Container terminal simulation vs TOS: terminal efficiency
Port and terminal operations: Foundations of container handling
The port sits at the centre of global trade, and it links ships, trucks, rail, and storage. For that reason, operators and planners must manage cargo flow, equipment, and people. A busy terminal handles vessel berthing, quay moves, container stacking, and gate processing each day. First, quay cranes load and unload. Next, yard vehicles move containers to stacks. Then, gate staff process truck turn paperwork. And finally, the terminal records the movements in its systems. As a result, digital control is critical. It reduces delays, and it helps to optimise allocation of assets and labour. For more detail on equipment roles see this guide to container-terminal-equipment-planning-explained (container terminal equipment planning).
Terminals range from local feeders to mega hubs that process huge volumes of containers. For example, some mega terminals manage over 10 million TEUs per year, and they must coordinate thousands of moves per hour to keep throughput stable [source]. Gate handling and yard moves create peaks and valleys in demand, and planning must absorb them. Therefore, terminal managers use scheduling, allocation and visualisation tools to track vessel windows, resource availability, and truck turn times. Also, they monitor handling equipment like RTGs and straddle carriers to keep utilisation high and to reduce idle time.

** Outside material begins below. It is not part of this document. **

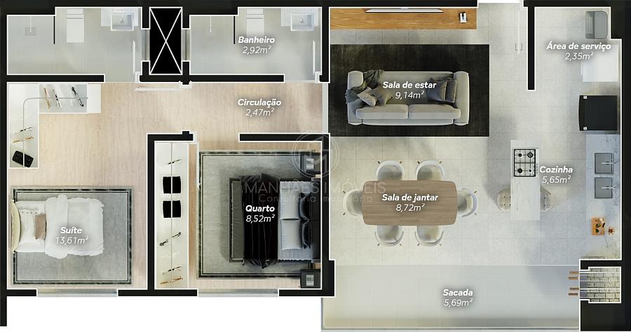 Planta humanizada do apartamento tipo - Finais 3A e 1B - 67,80 m² privativos

The daily workflow has many constraints. For instance, service times at the gate and quay crane cycles must align to avoid yard congestion. Meanwhile, truck turn targets guide staffing and dispatch. And, teams to evaluate new layouts or staffing rosters need a safe way to test changes without disrupting. Hence, simulation and emulation are common in modern yards. In short, a robust terminal management framework combines digital systems, planner expertise, and automation to maintain smooth container flow and to improve efficiency.
Container terminal simulation model: Analysing performance virtually
A simulation model recreates yard, quay and gate as a virtual environment so planners can test choices. The model will simulate quay crane cycles, travel distances for vehicles, and container stacking rules. It can range from simple flow diagrams up to a full-fidelity digital twin. For example, multi-fidelity approaches let teams start with coarse flows and then refine to include handling equipment behaviour and equipment dispatching. In practice, using simulation helps to identify a bottleneck before it affects live operations. Research shows that simulation studies can drive significant gains, with reported improvements of 15–20% in throughput when yard and quay crane plans are optimised prior to deployment (15–20% throughput gains).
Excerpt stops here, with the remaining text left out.